Provided data Block Start

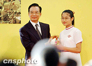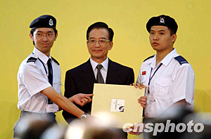 國務院總理溫家寶6月30日香港表揚醫護人員成功克服SARS聚會上,接受香港學生贈送紀念品。洪少葵 攝
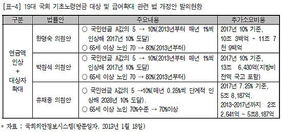 박 당선인의 기초노령연금 두 배로 확대 공약은 새로운 것이 아니라 이미 기초노령연금법 부칙에 명시된 사항이다. 지난 2007년 국민연금이 개악되어 기존 60%에서 2028년에는 40%까지 떨어지게 되자 국민연금의 급격한 급여인하와 사각지대 해소를 위해 기초노령연금이 신설, 이후 10%까지 단계적으로 인상한다는 내용이 담긴 것이다.
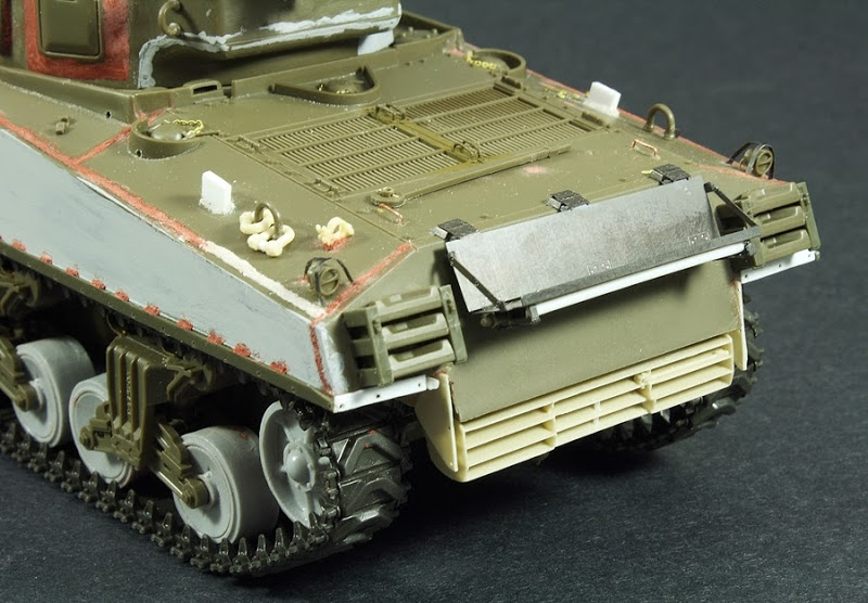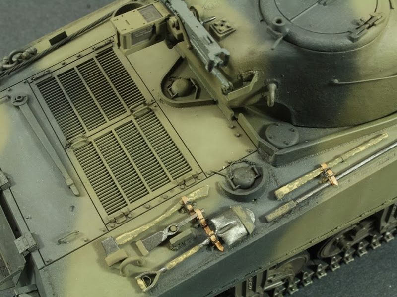 The on board tools of Shermans were often provided by the factories in their natural wood colour, painted in black or Olive Drab.I chose to model the tools painted in Olive drab but with the paint worn away to reveal the natural wood colour of the tools. I used the hairspray method to show this. For the leather straps I used lead foil and buckles from the Aber buckles PE set.
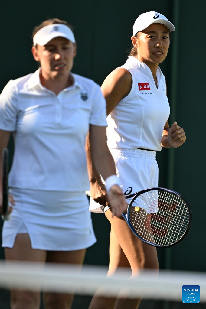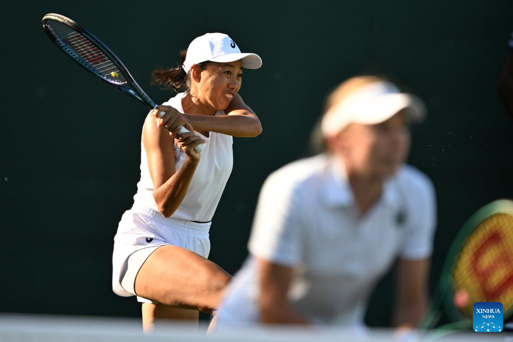 Zhang Shuai (front)/Ekaterina Alexandrova compete during the women's doubles first round match between Zhang Shuai (China)/Ekaterina Alexandrova (Russia) and Yuliia Starodubtseva/Nadiia Kichenok of Ukraine at the Wimbledon Tennis Championships in London, Britain, July 2, 2025. (Xinhua/Zhao Dingzhe)
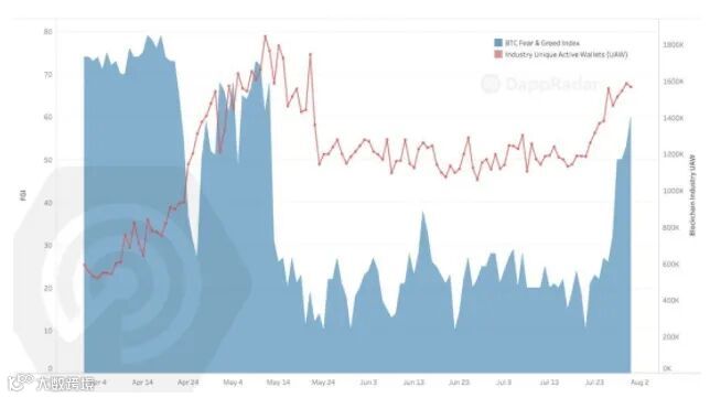 1、恐惧与贪婪指数 (FGI)和独立用户数。FGI 是一个被加密货币交易者广泛用作衡量整个行业整体情绪的指标,FGI 是一个从 0 到 100 的分数,(0)代表非常恐惧,(100)代表非常贪婪,通过将 FGI 与行业自 4 月以来的独立用户数量进行了比较,发现了一些比较有趣的结果。四月初,加密行业独立用户数出现上升,五月中旬因为加密货币价格暴跌,用户数也开始下降,FGI 指数在短短几天内从贪婪变为恐惧。不过自5 月底到 7 月中旬,独立用户数在“市场恐惧”期间依然能维持在 100-120 万左右。
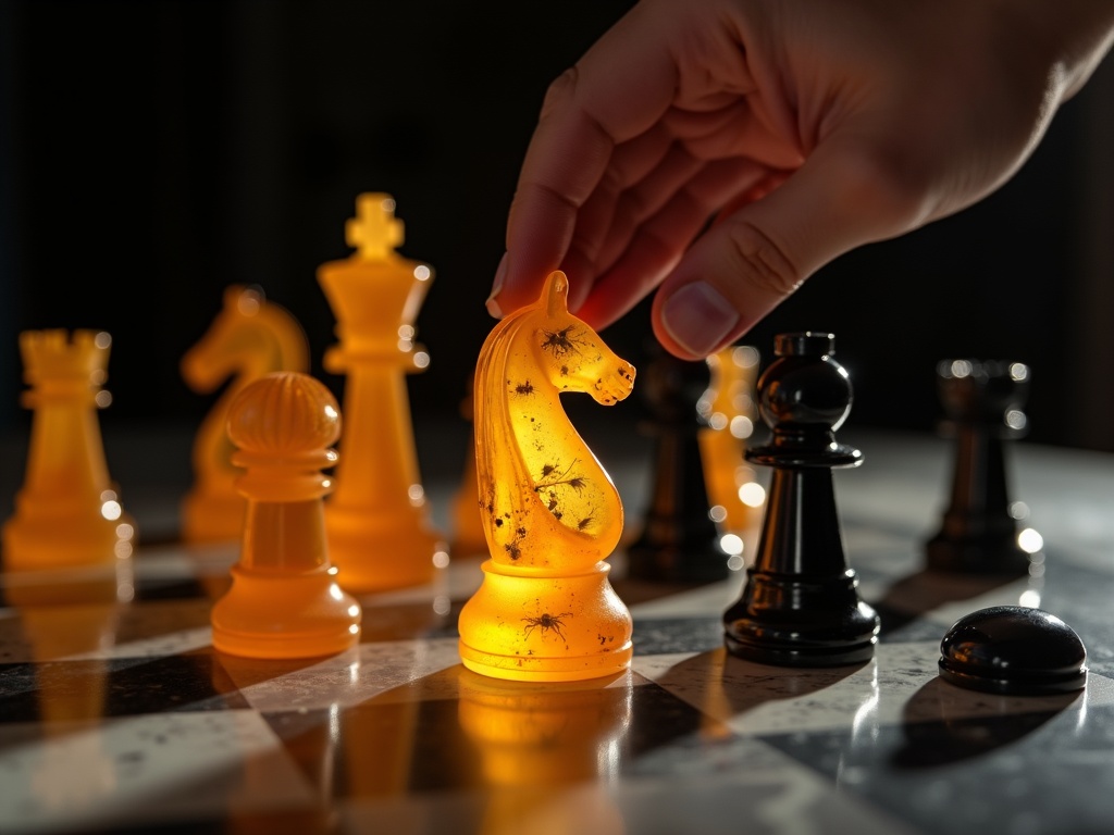 A chess set mid game on a marble table, the light pieces carved from translucent Baltic amber in warm honey orange with visible ancient insect inclusions, the dark pieces from polished black obsidian with mirror reflections, the amber queen glowing warmly under the desk lamp, a hand reaching for an amber bishop, dramatic side lighting casting long shadows, product photography, 8k
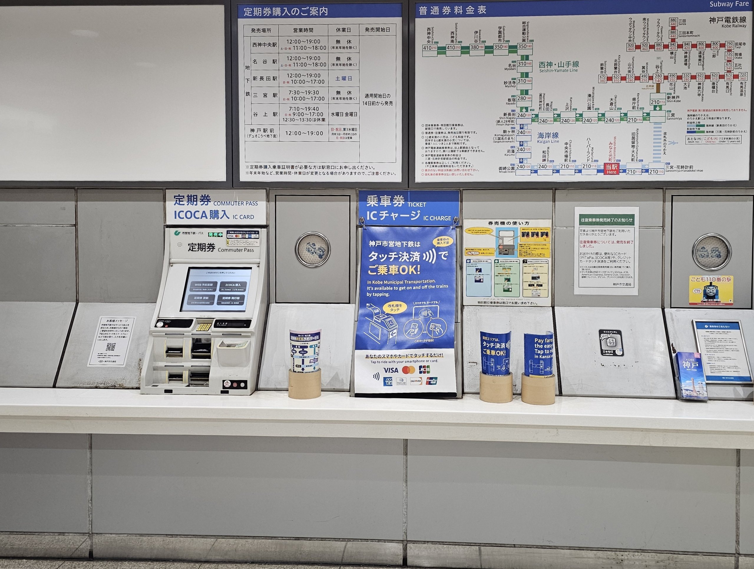 Karta ICOCA jest sprzedawana w Kobe lub Osace, ale można tu używać dowolnej ogólnokrajowej japońskiej karty, takiej jak Suica z Tokio.
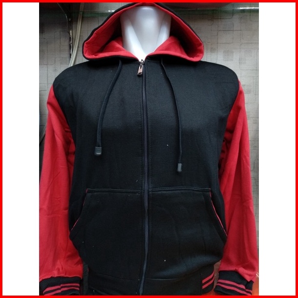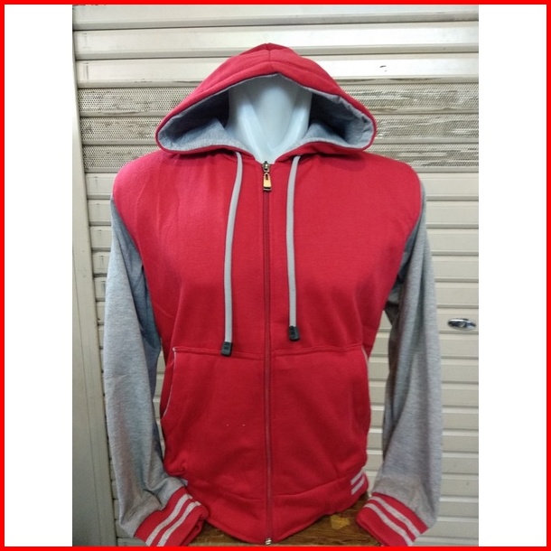 Jaket Hoodie Varsity Zipper Raglan Polos Unisex Pria Wanita Banyak Warna
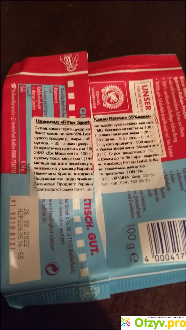 Шоколад Ritter Sport Kakao Klasse впервые поробовала неделю назад. Купила его в супермаркете "Класс" в Харькове со скидкой. Обычная его цена составляла тогда 67 гривен, что, мне кажется достаточно дорого для небольшой шоколадки весом 100 грамм, а со скидкой он стоял 44 гривны.
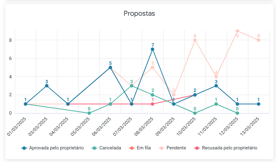 Apresenta a quantidade de propostas agrupadas de forma diária por Grupo de Mídia
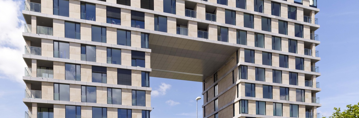 The high-value Kavci Hory residential complex in the south of Prague consists of two parts, a 12 story tower, with a conspicuous opening, and a smaller 6-story building next to it. All of the 88 luxury apartments in the complex are generously illuminated. Built using natural stone, glass, and high quality woods, they have large loggias and terraces. The stone façade was supplemented by Schüco ADS 75.SI and AWS 75.SI aluminium systems and generously glazed to afford a view of Vltava river and the old part of Prague.
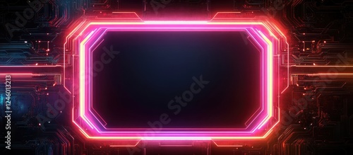 Futuristic neon cybernetic chip background with glowing frame and dark empty space for customizable text or graphic elements

Provided data Block End

■ Problem requirements ■
An exact printout of the entries is wanted, covering the first line through the line holding "A chess set", with pictures kept out of it.

■ Answer area ■
 國務院總理溫家寶6月30日香港表揚醫護人員成功克服SARS聚會上,接受香港學生贈送紀念品。洪少葵 攝
 박 당선인의 기초노령연금 두 배로 확대 공약은 새로운 것이 아니라 이미 기초노령연금법 부칙에 명시된 사항이다. 지난 2007년 국민연금이 개악되어 기존 60%에서 2028년에는 40%까지 떨어지게 되자 국민연금의 급격한 급여인하와 사각지대 해소를 위해 기초노령연금이 신설, 이후 10%까지 단계적으로 인상한다는 내용이 담긴 것이다.
 The on board tools of Shermans were often provided by the factories in their natural wood colour, painted in black or Olive Drab.I chose to model the tools painted in Olive drab but with the paint worn away to reveal the natural wood colour of the tools. I used the hairspray method to show this. For the leather straps I used lead foil and buckles from the Aber buckles PE set.
 Zhang Shuai (front)/Ekaterina Alexandrova compete during the women's doubles first round match between Zhang Shuai (China)/Ekaterina Alexandrova (Russia) and Yuliia Starodubtseva/Nadiia Kichenok of Ukraine at the Wimbledon Tennis Championships in London, Britain, July 2, 2025. (Xinhua/Zhao Dingzhe)
 1、恐惧与贪婪指数 (FGI)和独立用户数。FGI 是一个被加密货币交易者广泛用作衡量整个行业整体情绪的指标,FGI 是一个从 0 到 100 的分数,(0)代表非常恐惧,(100)代表非常贪婪,通过将 FGI 与行业自 4 月以来的独立用户数量进行了比较,发现了一些比较有趣的结果。四月初,加密行业独立用户数出现上升,五月中旬因为加密货币价格暴跌,用户数也开始下降,FGI 指数在短短几天内从贪婪变为恐惧。不过自5 月底到 7 月中旬,独立用户数在“市场恐惧”期间依然能维持在 100-120 万左右。
 A chess set mid game on a marble table, the light pieces carved from translucent Baltic amber in warm honey orange with visible ancient insect inclusions, the dark pieces from polished black obsidian with mirror reflections, the amber queen glowing warmly under the desk lamp, a hand reaching for an amber bishop, dramatic side lighting casting long shadows, product photography, 8k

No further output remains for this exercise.